Mercado-Antunez is helping facilitate unlearning, which is "a nuanced layer of decolonization, along with reindigenization, and it is incredibly, incredibly important to the future of our people to be able to examine because there are only seven first-person accounts pertaining to our people during the course of the invasion," said Kasike Running Cloud.
"We are the first people to deal with invasion in our hemisphere, when the Spanish invaded with Columbus in 1492 and what we're doing now, the work that we're doing, it's exemplified by people like Reina. Reina reaches out to community, but she reaches out across the spectrum from the littlest one to the eldest, and she cares about everyone. She cares about everyone's well-being."
For hundreds of years, the Taino community was forced to hide their ancestral culture that colonizers attempted to wash away. However, it persisted through its integration into other cultures' practices, languages, and traditions, Mercado-Antunez explained.
For generations, people were taught that the Taino people were extinct, but that is not realistic. There are reported accounts of Taino people surviving, whether it was by escaping to the mountains, intermarriage, or conversion, she explained.
"It's silly," Mercado-Antunez said and quoted something that her head chief says: "I think Taino is the only culture where people go to where they are and suddenly they become extinct."

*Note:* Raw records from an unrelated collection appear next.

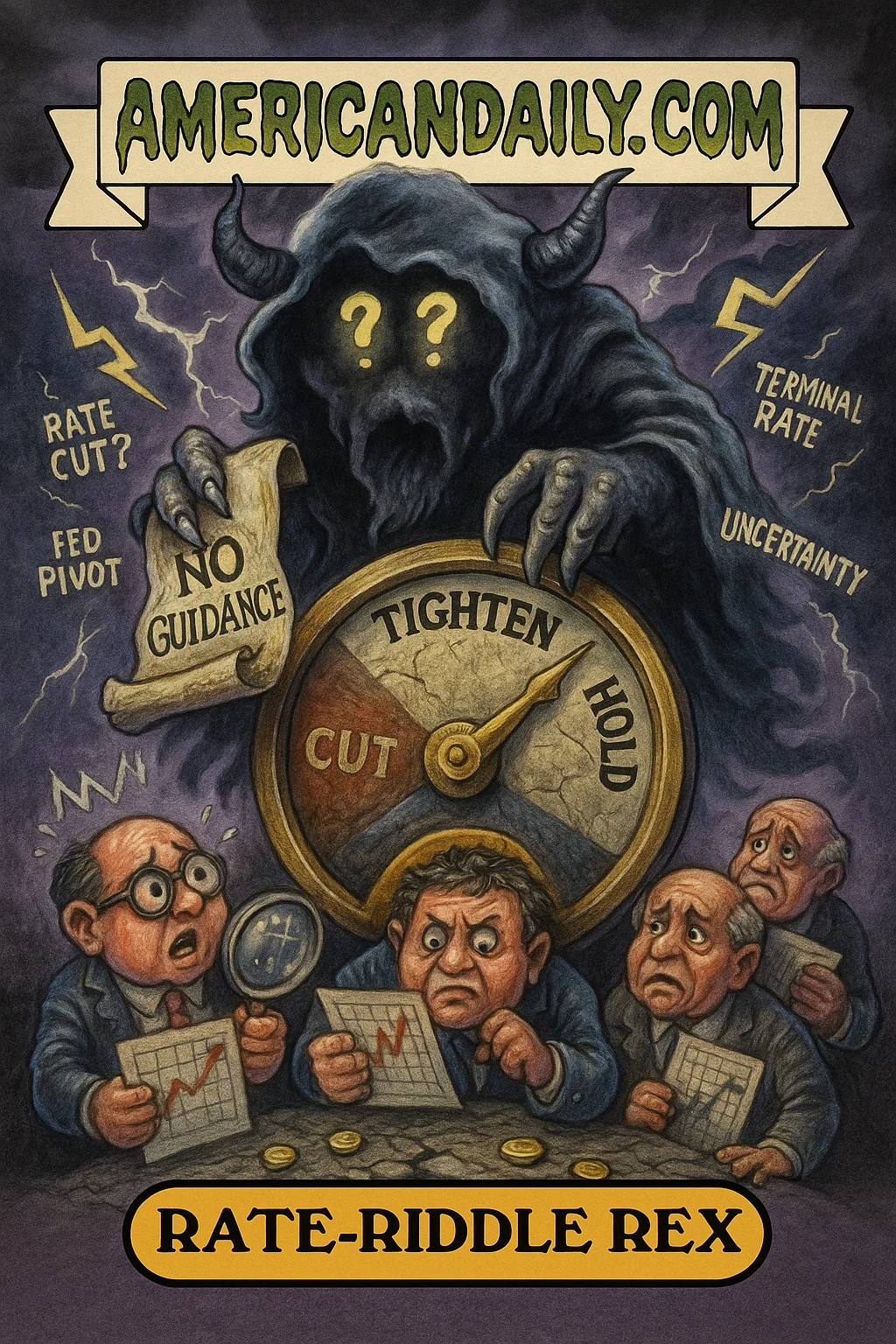 A satirical card capturing Fed policy ambiguity: a masked beast hovers over the rate dial, offering hints but no clarity, while markets scramble to interpret the signals.
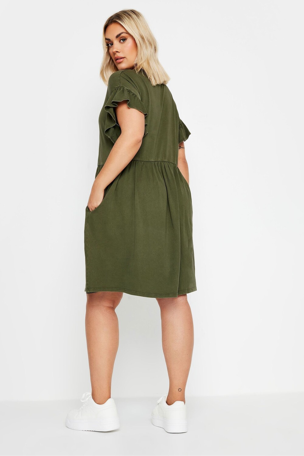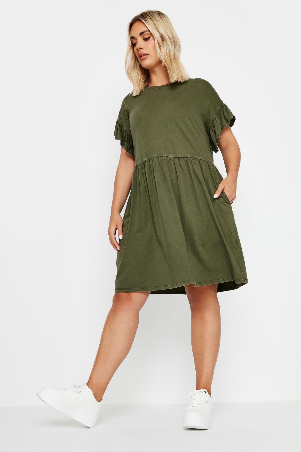 Платье с оборками и эффектом кислотной стирки Yours Curve, зеленый
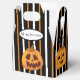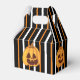 This fun Halloween Favour Box features four Jack-O-Lanterns, on a background of black, orange and white stripes. You can customise this favour box by adding text to the front panel.
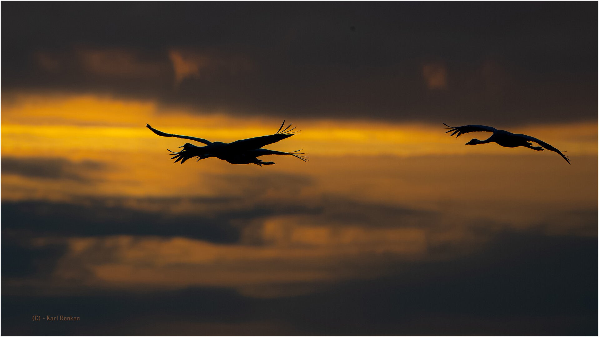 Morgens früh um 6:30 sind wir bei der Tister Moorbahn zum dortigen Aussichtsurm, der vor einem wiedervernässten Moor aufgebaut wurde, gefahren. Wir hatten sehr gutes Wetter und es war auch nicht so warm. Dadurch stiegen die Kraniche beizeiten auf, um zu ihren Futterplätzen zu fliegen! Und dies auch noch bei einem wunderschönen Sonnenaufgang.
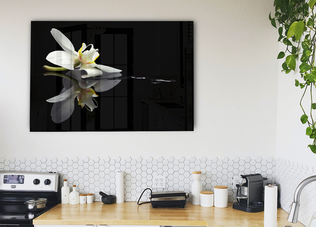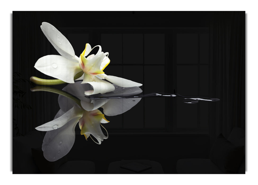 Orchid on black acrylic print, UV printed onto 5mm thick acrylic glass. Comes with everything you need to hang on your wall.
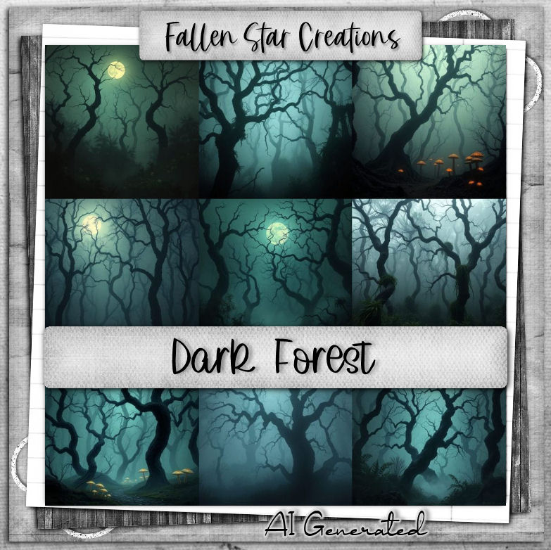 Nine tagger-size, dark forest patterned papers. Use them as is, or layer them onto other papers to make them unique.

Mercado-Antunez didn't know she was Taino until her late 20s when she met her current partner who is part of the Nipmuc tribe.

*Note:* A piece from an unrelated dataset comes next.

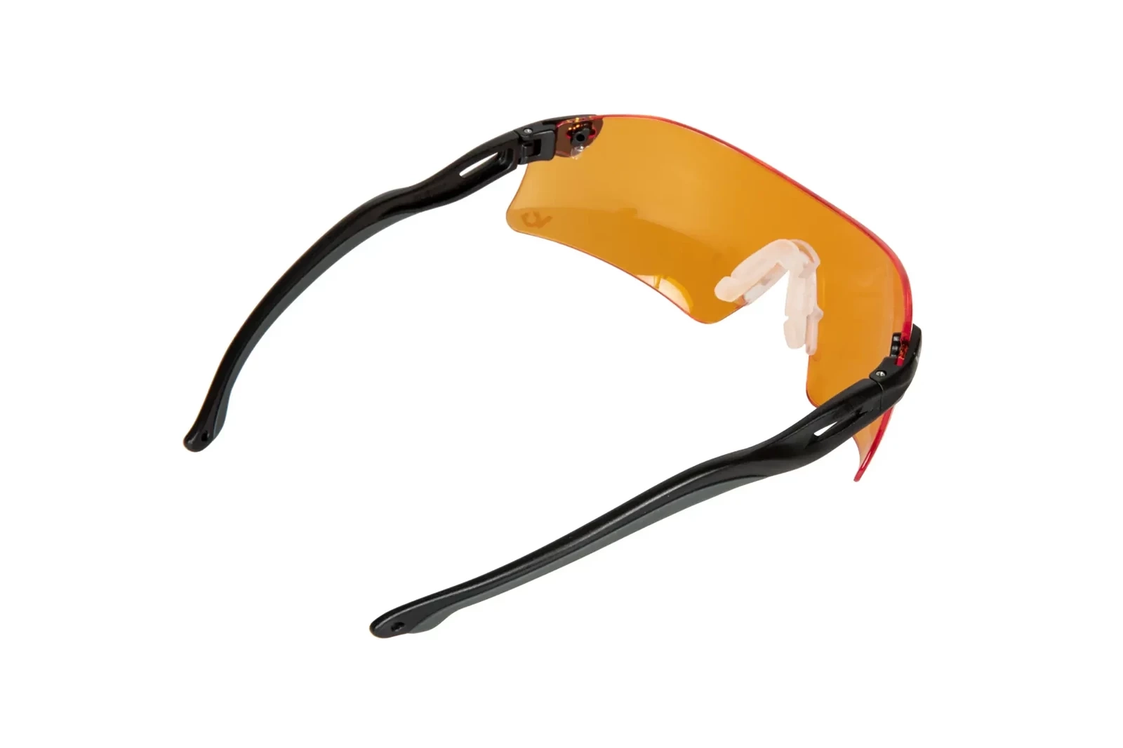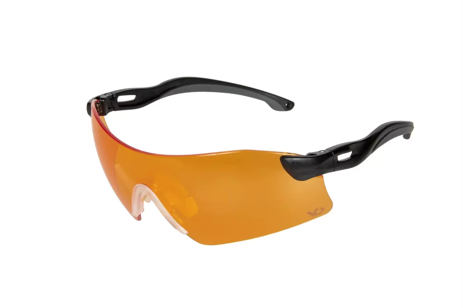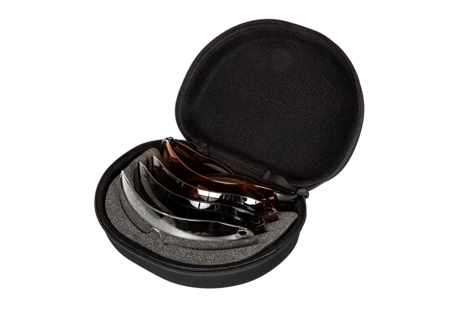 Wysokiej jakości okulary wraz zestawem wymiennych szkieł i akcesoriów. Konstrukcja modelu opiera się na szybie samonośnej bez ramki. Zapewnia to duże pole widzenia i umożliwia strzelanie w każdej postawie bez ryzyka wchodzenia ramki w pole widzenia. Profilowane nauszniki pozwalają na wygodne noszenie okularów wraz ze słuchawkami. Nosek okularów został wykonany z miękkiego, gumowego materiału z antypoślizgową powłoką.

She recollected attending a powwow with him, where he pointed out some Taino people. This surprised her because she had been taught they were extinct.
She connected with some of the Taino women and discovered similarities between their traditions and those of her own family. After conducting some research into her genealogy, she was able to trace her Taino roots. This is an ongoing effort for her due to the limited number of available records.
Mercado-Antunez explained that academics were the ones who were emphasizing that Tainos were extinct until the discovery of a 1,000-year-old tooth that had genetic matches between living people and pre-Columbian indigenous populations.
"They did DNA on the tooth, and they found that 60 percent of Puerto Ricans have Taino ancestry, Cubans as well, Dominicans, so it's different percentages for each of the different islands, but 60 percent of people who are Puerto Rican have Taino blood and ancestry, some as much as 50 percent so that's not extinct," she said.
There is a lot of healing of trauma that happens during this programming, including the women's circle.
They are relearning history and working to dismantle misconceptions and inaccuracies, which will have a lasting impact beyond the Taino community, which can then be passed down to her children and future generations.